Awards ceremony by Critics Choice Association

The Celebration of Cinema and Television is an awards ceremony presented annually by the American–Canadian Critics Choice Association (CCA). The first ceremony was named Celebration of Black Cinema and Television to honor the finest in cinematic and television achievement by African Americans directors, producers, actors and musicians. Between 2021 and 2022 CCA has organized the Celebration of Latino Cinema and Television and the Celebration of Asian Pacific Cinema and Television, equivalent to the previous awards show, aimed to honor Latino, Asian Americans and Pacific Islander Americans communities. In 2023, the ceremonies were joined to Celebration of Cinema and Television: Honoring Black, Latino and AAPI Achievements, to celebrate the four communities in one special awards show. The following year, the first Celebration of LGBTQ+ Cinema and Television was held.

== History ==
In 2013, the Broadcast Film Critics Association partnered with TV One for a television special Celebration of Black Cinema at House of Blues to "expose the creativity and profitability of black cinema". The event was taken on January 7, 2014, and aired on television in February 2014, before the Critics' Choice Movie Awards.

In 2018 the Broadcast Film Critics Association established the Celebration of Black Cinema as an award ceremony with special honors and achievements for black cinema. Since 2022 the ceremony has extended to television.
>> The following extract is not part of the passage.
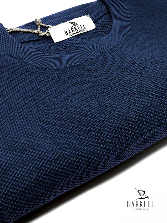 Maglia Girocollo in Puro Cotone Piquet Color Indaco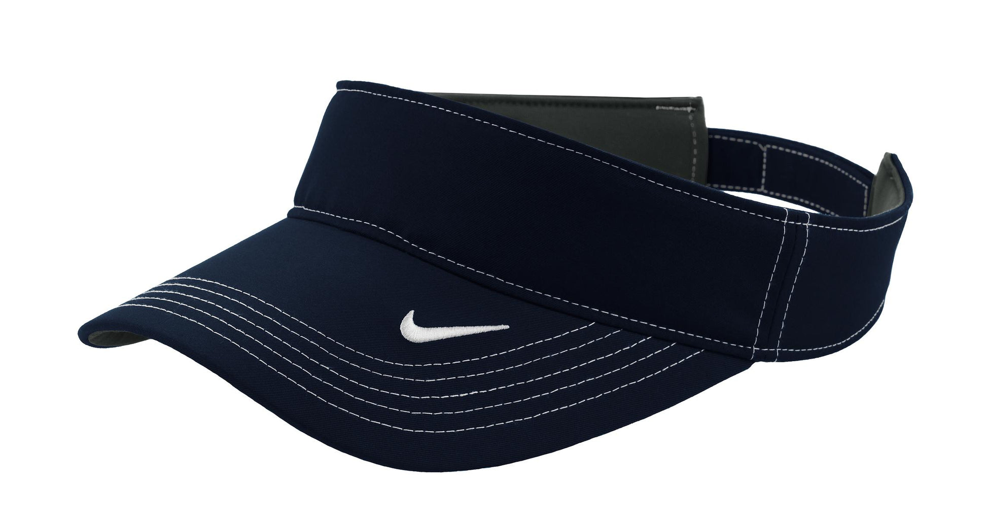 A high-performance, three-panel visor built with Dri-FIT moisture management technology. Contrast stitching adds interest, while the hook and loop closure ensures a custom fit. The contrast Swoosh design trademark is embroidered on the bill. Front panel measures approximately 1.875 h x 10 w. Made of 100% Dri-FIT polyester twill.

In 2021 the association inaugurated the Celebration of Latino Cinema and Television. In 2022 the association launched the Celebration of Asian Pacific Cinema and television, to recognized "the outstanding talent from the Asian American Pacific Islander community".

In 2023 the association organized a special event named Celebration of Cinema and Television: Honoring Black, Latino and AAPI Achievements, which aimed to join the two ceremonies in one special awards show. On November 13, 2023, CCA CEO Joey Berlin announced that the ceremonies will return to individual shows in 2024.

== Categories ==

- Main categories

- Director – Film
- Director – Television
- Director – Documentary Series
- Director – Animated Film
- Director – International Film
- Director – International Animated Film
- Breakthrough Director – Film
- Breakthrough Director – Television
- Producer – Film
- Producer – Television
- Music Award – Film
- Showrunner
- Actor – Film
- Supporting Actor – Film
- Actor – Television
- Actress – Film
- Actress – Television
- Breakthrough Actor – Film
- Breakthrough Actor – Television
- Breakthrough Actress – Film
- Breakthrough Actress – Television
- Ensemble Award –Television
- NextGen Award (2018–20)
- Rising Star – Film (Since 2021)
- Rising Star – Television (Since 2021)

- Special achievements

- Career Achievement Award
- Melvin Van Peebles Trailblazer Award
- Special Honoree Award
- Icon Award
- Groundbreaker Award
- Visionary Award
- Social Justice Award

== Overview ==

| Ceremony | # | Date | Host | Venue |
| Black | 1st | January 7, 2014 | —N/a | House of Blues |
| 2nd | December 2, 2019 | Cheryl Boone Isaacs | Landmark Annex |
| 3rd | February 2, 2021 | Bevy Smith | Virtual |
| 4th | December 6, 2021 | Niecy Nash | Fairmont Century Plaza |
| Latino | 1st | December 9, 2021 | Cristela Alonzo |
| Asian Pacific | 1st | November 4, 2022 | Prashanth Venkataramanujam |
| Latino | 2nd | November 13, 2022 | Justina Machado |
| Black | 5th | December 5, 2022 | Bill Bellamy |
| Black, Latino, AAPI | — | December 4, 2023 | Nicco Annan |
| LGBTQ+ | 1st | June 7, 2024 | Sherry Cola |
| Asian Pacific | 3rd | October 22, 2024 | Kylie Mar | Grauman's Egyptian Theatre |
| Latino | 4th | Justina Machado |
| Black | 7th | December 5, 2024 | Jay Pharoah | Fairmont Century Plaza |
| LGBTQ+ | 2nd | June 6, 2025 | Sherry Cola |
| Latino | 5th | October 24, 2025 | TBA |  |
| Black | 8th | December 9, 2025 |

== Celebration of Black Cinema and Television ==
=== Celebration of Black Cinema ===
The inaugural Celebration of Black Cinema took place on January 7, 2014, at the House of Blues in West Hollywood. It honored cast and crew members from films such as 12 Years a Slave, 42, The Best Man Holiday, The Butler, Fruitvale Station, and Mandela: Long Walk to Freedom.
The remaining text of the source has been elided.